He thought of what he had heard of London, and of Paris, and of other cities of the old world; and following an impulse acquired through his lonely wanderings, began talking to himself.

“We are no finer nor cleaner than these,” he said, “and we sprang from the big clean new land through which I have been walking all these months. Will mankind always go on with that old aching, queerly expressed hunger in its blood, and with that look in its eyes? Will it never shrive itself and understand itself, and turn fiercely and energetically toward the building of a bigger and cleaner race of men?”

“It won’t unless you help,” came the answer from some hidden part of him.
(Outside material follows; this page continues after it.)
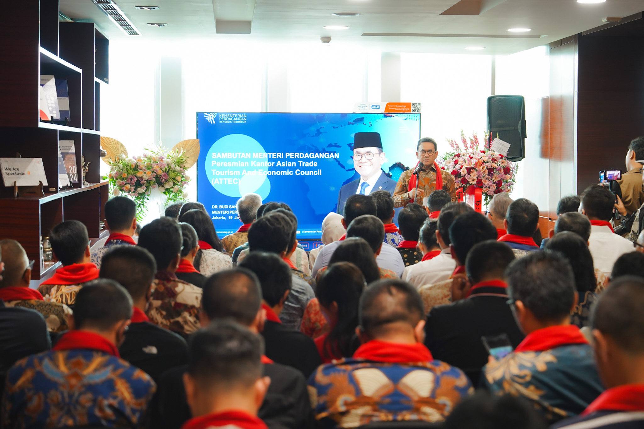 Menteri Perdagangan, Budi Santoso meresmikan Kantor Pusat Asian Trade, Tourism, and Economics Council (ATTEC) di Jakarta, Senin (19 Jan).

Sam fell to thinking of the men who write, and of those who teach, and he wondered why they did not, all of them, talk more thoughtfully of vice, and why they so often spent their talents and their energies in futile attacks upon some phase of life, and ended their efforts toward human betterment by joining or promoting a temperance league, or stopping the playing of baseball on Sunday.
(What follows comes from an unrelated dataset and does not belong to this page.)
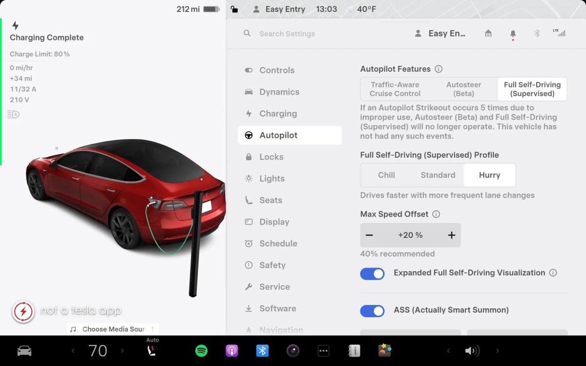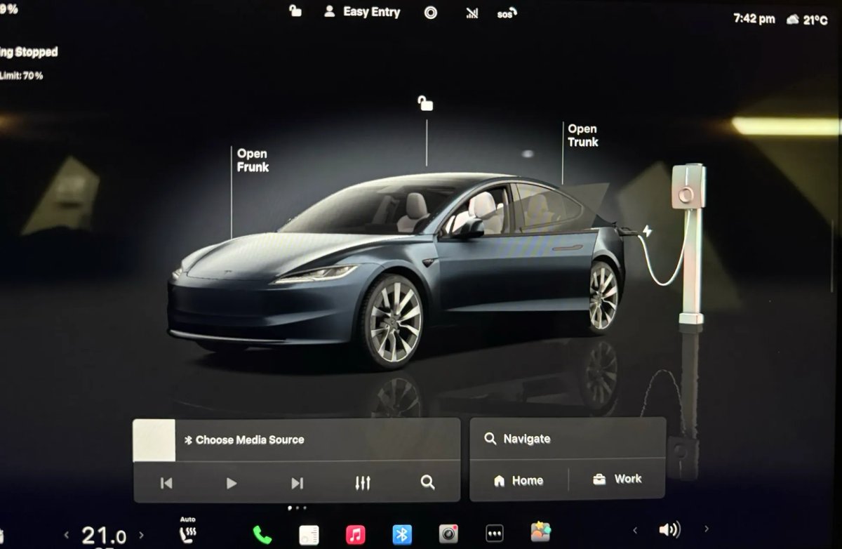 AMD 기반 차량의 충전 시각화는 주차 화면이 크기 때문에 훨씬 보기 좋지만, Intel 차량에도 표시됩니다.

As a matter of fact were not many writers and reformers unconsciously in league with the procurer, in that they treated vice and profligacy as something, at bottom, charming? He himself had seen none of this vague charm.

“For me,” he reflected, “there have been no François Villons or Sapphos in the tenderloins of American cities. There have been instead only heart-breaking disease and ill health and poverty, and hard brutal faces and torn, greasy finery.”

He thought of men like Zola who saw this side of life clearly and how he, as a young fellow in the city, had read the man at Janet Eberly’s suggestion and had been helped by him—helped and frightened and made to see. And then there rose before him the leering face of a keeper of a second-hand book store in Cleveland who some weeks before had pushed across the counter to him a paper-covered copy of “Nana’s Brother,” saying with a smirk, “That’s some sporty stuff.” And he wondered what he should have thought had he bought the book to feed the imagination the bookseller’s comment was intended to arouse.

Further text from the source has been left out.